Yegge served as acting dean of the DU College of Law from 1965–66 and as dean from 1966–77 and again from 1997–98. Since 1987, he served as director of the Master of Science in Legal Administration (MSLA) program at DU. He was a key driver of the law and society movement of the 1960s and an influential leader of DU’s Student Law Office.
“The great law school we have today is due in no small part to the tireless efforts of Dean Yegge,” says Beto Juarez, current dean of the law school. “Dean Yegge was a true pioneer in legal education.”
Yegge was born on June 17, 1934, in Denver, Colo., and was the son of prominent local lawyer Ronald Yegge and his wife, Fairy Hill. Friends say he took his love of the law from his father and his love of the arts from his mother. He graduated magna cum laude from Princeton University in 1956 and then returned to Denver to earn a master of arts degree in sociology in 1958 and juris doctorate from the University of Denver in 1959 while working for his father’s law firm.
While at Princeton, Yegge became fascinated with the social sciences. After he became dean in 1966, Yegge hired several of his mentors from Princeton and began to put together an interdisciplinary “law and society” program. Yegge often wrote that law should be made to take social science seriously, “to look at law and the legal system as … a function of society rather than simply as a hermetically sealed system free of all undue outside influences.”
Through Yegge’s efforts, DU and Denver became the epicenter for the law and society movement and a home for the Law and Society Association and the Law and Society Review.
“He was a visionary in making social sciences part of the law school curriculum,” says Jack Hanley, a friend of Yegge’s and a former associate dean of the law school. “It was a very important part of improving the court system.”
Yegge was also committed to civil rights, opening up the doors of DU’s law school to minorities. In the early 1960s, with a grant from the Ford Foundation, he established a pilot program for recruiting Hispanics into law school. Under Yegge, DU put several Hispanics through an intensive summer law program that produced the first 12 Hispanic law students in Denver. All 12 graduated from DU’s law school and went on to become lawyers or legal administrators, including one who currently serves as a justice on the New Mexico Supreme Court. The Sturm College of Law currently offers three scholarships in Yegge’s name to Hispanic law students.
Yegge was a well-published legal scholar, from authoring the first Colorado specific judicial handbook in 1960 to a 2004 academic roadmap for legal education entitled “Principles of Law Office Management.” He was a life member of the American Law Institute and American Bar Fellows and a member since 1975 of the Henry Luce Scholar Selection Committee. His lifelong collection of awards includes the Harrison Tweed Award for Leadership in Continuing Legal Education and the Herbert Harley Award of the American Judicature Society.

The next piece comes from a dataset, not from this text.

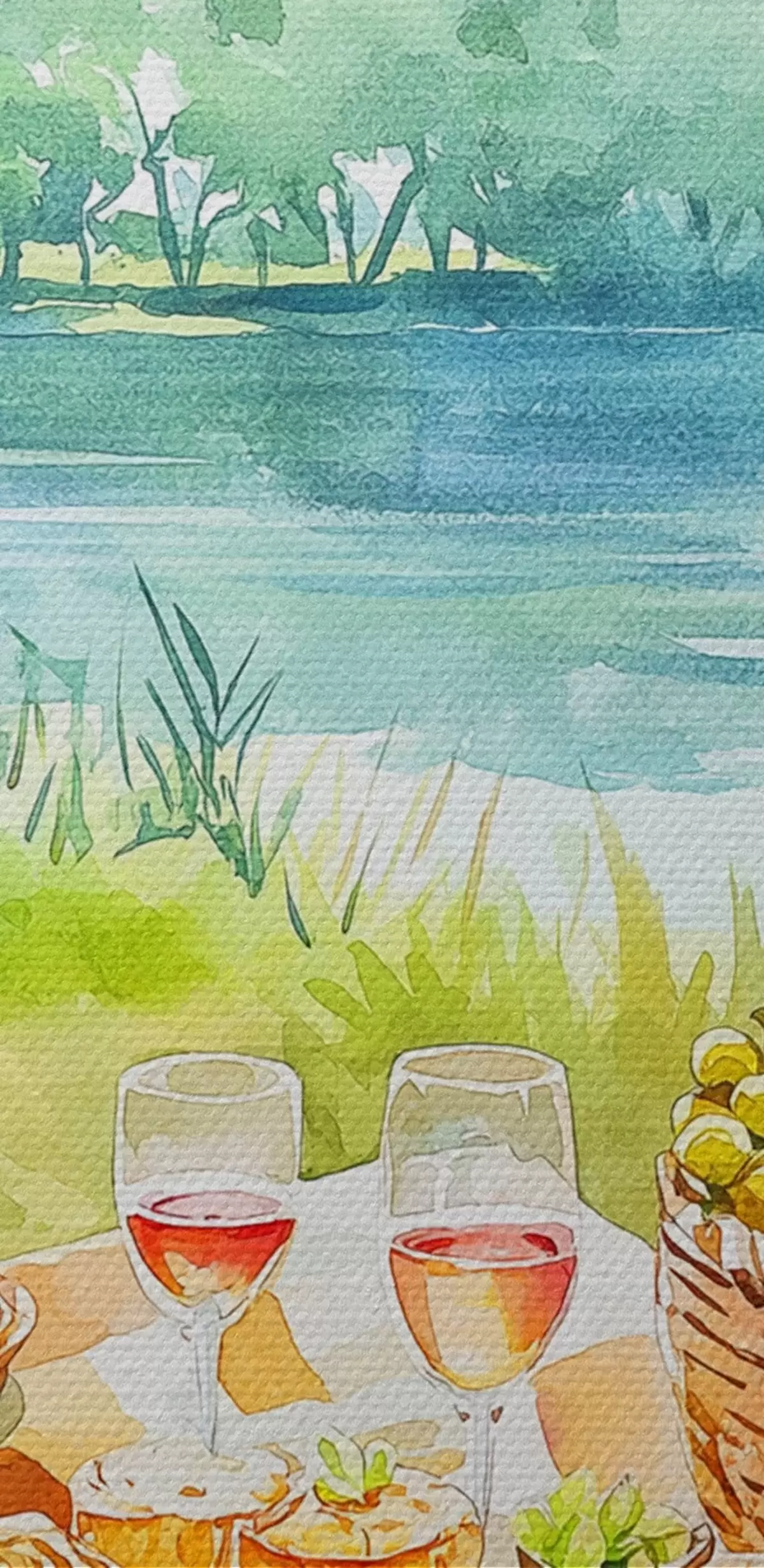 Ronde schilderijen Picknick esthetiek, zomer natuur, meer, romantisch, aquarel stijl Nr r42450

Following in his mother’s footsteps, Yegge also supported local arts and humanitarian causes. From 1968–80 he chaired the Colorado Council on the Arts and Humanities and then served as chairman emeritus. He also served as chairman of the Mile High Chapter of American Red Cross and Colorado Prevention Center.
After adopting dogs from the Denver Dumb Friends League late in life, Yegge became active in animal rights issues, serving as chairman of the board of the animal adoption agency for many years. Bruno and Olive, two Dachshunds he adopted from the Denver Dumb Friends League, are well provided for in his will, say family friends.
Yegge never married and was an only child. Friends say he considered the law school faculty, staff and students his family. Hope Kentnor, associate director of the MSLA program, has known Yegge since 2002 and considers him a friend and mentor. While some people can be either kind, funny or smart, she says, Yegge was all those things and more.
“He was probably the wisest man I’ll ever know,” Kentnor says.
Yegge will be interred in a family plot at Fairmont Cemetery. Memorial services are being planned for January.